:: Listed entries ::
------------------------------------------------------------

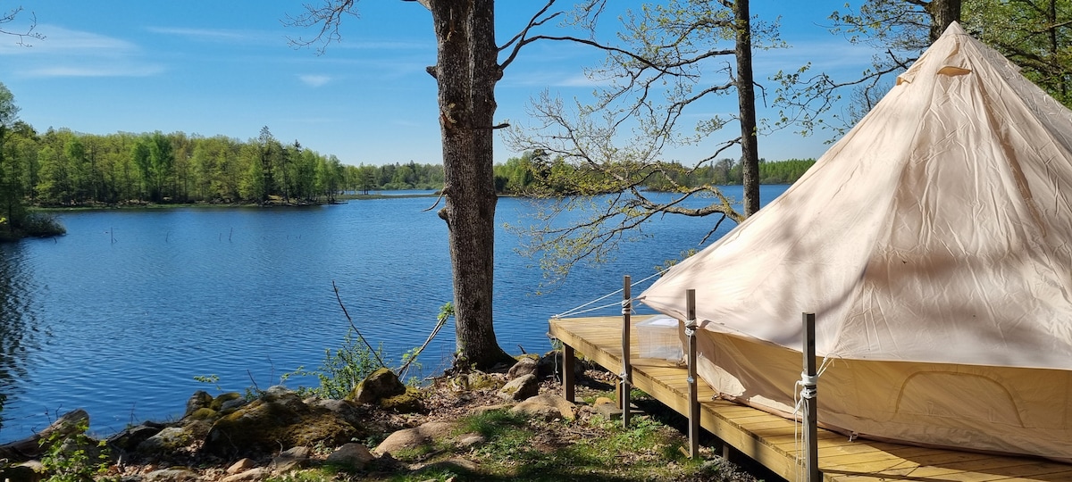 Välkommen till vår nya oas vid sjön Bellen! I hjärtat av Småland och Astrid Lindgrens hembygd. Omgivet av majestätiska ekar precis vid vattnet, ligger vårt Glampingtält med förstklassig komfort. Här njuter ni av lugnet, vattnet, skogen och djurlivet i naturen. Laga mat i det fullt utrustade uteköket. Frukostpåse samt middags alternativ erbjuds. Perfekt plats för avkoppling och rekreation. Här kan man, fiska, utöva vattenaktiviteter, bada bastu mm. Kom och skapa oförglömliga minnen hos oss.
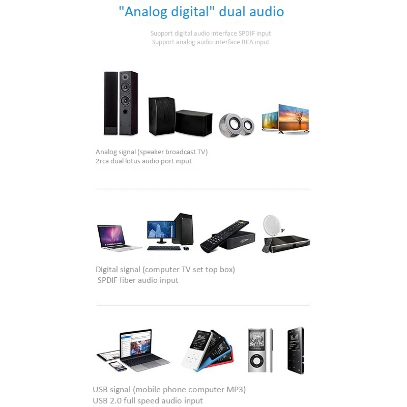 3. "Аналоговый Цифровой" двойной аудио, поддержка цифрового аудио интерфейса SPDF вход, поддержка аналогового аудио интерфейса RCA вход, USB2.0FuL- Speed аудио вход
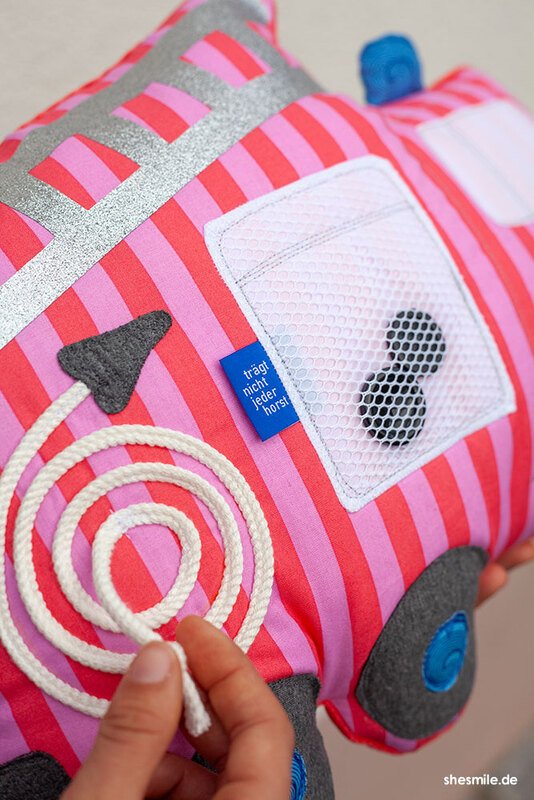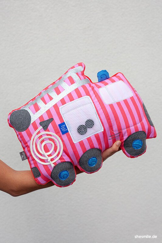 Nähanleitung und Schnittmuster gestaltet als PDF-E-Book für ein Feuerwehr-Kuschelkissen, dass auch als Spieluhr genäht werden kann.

------------------------------------------------------------

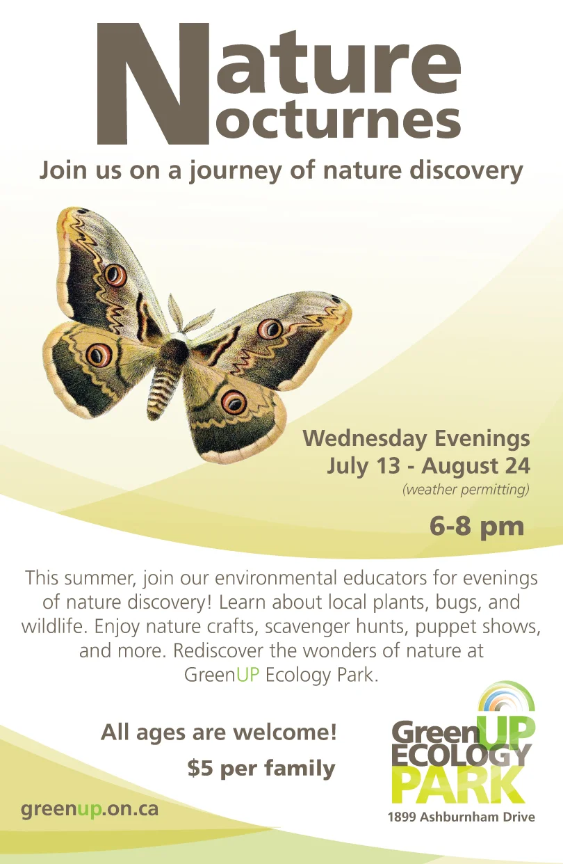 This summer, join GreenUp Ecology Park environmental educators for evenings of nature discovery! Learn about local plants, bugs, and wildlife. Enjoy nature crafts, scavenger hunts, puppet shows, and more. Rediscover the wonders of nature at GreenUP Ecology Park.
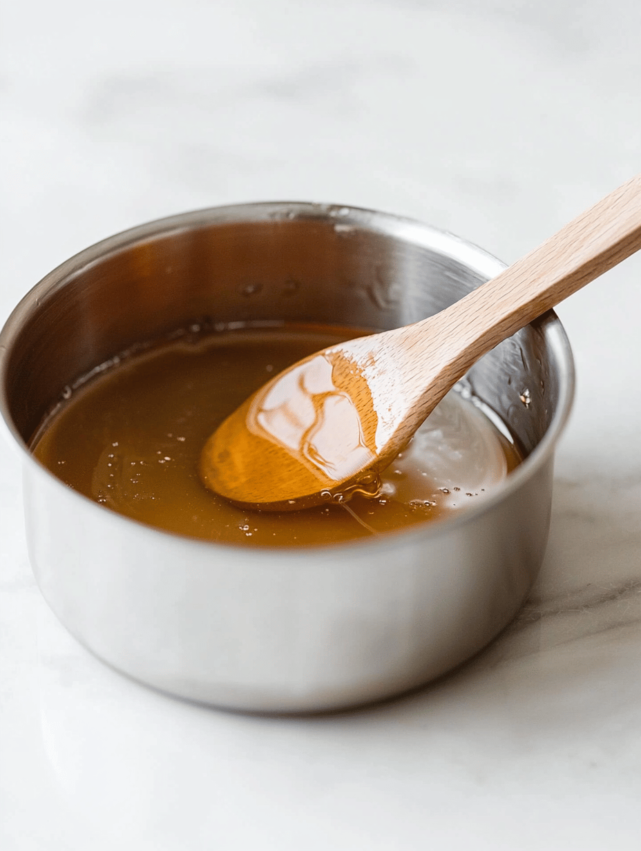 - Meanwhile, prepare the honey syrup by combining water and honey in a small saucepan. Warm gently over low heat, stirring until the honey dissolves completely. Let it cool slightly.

------------------------------------------------------------

:: What is expected ::
Repeat exactly the lines above, beginning at the one containing "Välkommen till vår" and ending at the one containing "Nähanleitung und Schnittmuster". Do not carry over any pictures.

:: Finished exercise ::
 Välkommen till vår nya oas vid sjön Bellen! I hjärtat av Småland och Astrid Lindgrens hembygd. Omgivet av majestätiska ekar precis vid vattnet, ligger vårt Glampingtält med förstklassig komfort. Här njuter ni av lugnet, vattnet, skogen och djurlivet i naturen. Laga mat i det fullt utrustade uteköket. Frukostpåse samt middags alternativ erbjuds. Perfekt plats för avkoppling och rekreation. Här kan man, fiska, utöva vattenaktiviteter, bada bastu mm. Kom och skapa oförglömliga minnen hos oss.
 3. "Аналоговый Цифровой" двойной аудио, поддержка цифрового аудио интерфейса SPDF вход, поддержка аналогового аудио интерфейса RCA вход, USB2.0FuL- Speed аудио вход
 Nähanleitung und Schnittmuster gestaltet als PDF-E-Book für ein Feuerwehr-Kuschelkissen, dass auch als Spieluhr genäht werden kann.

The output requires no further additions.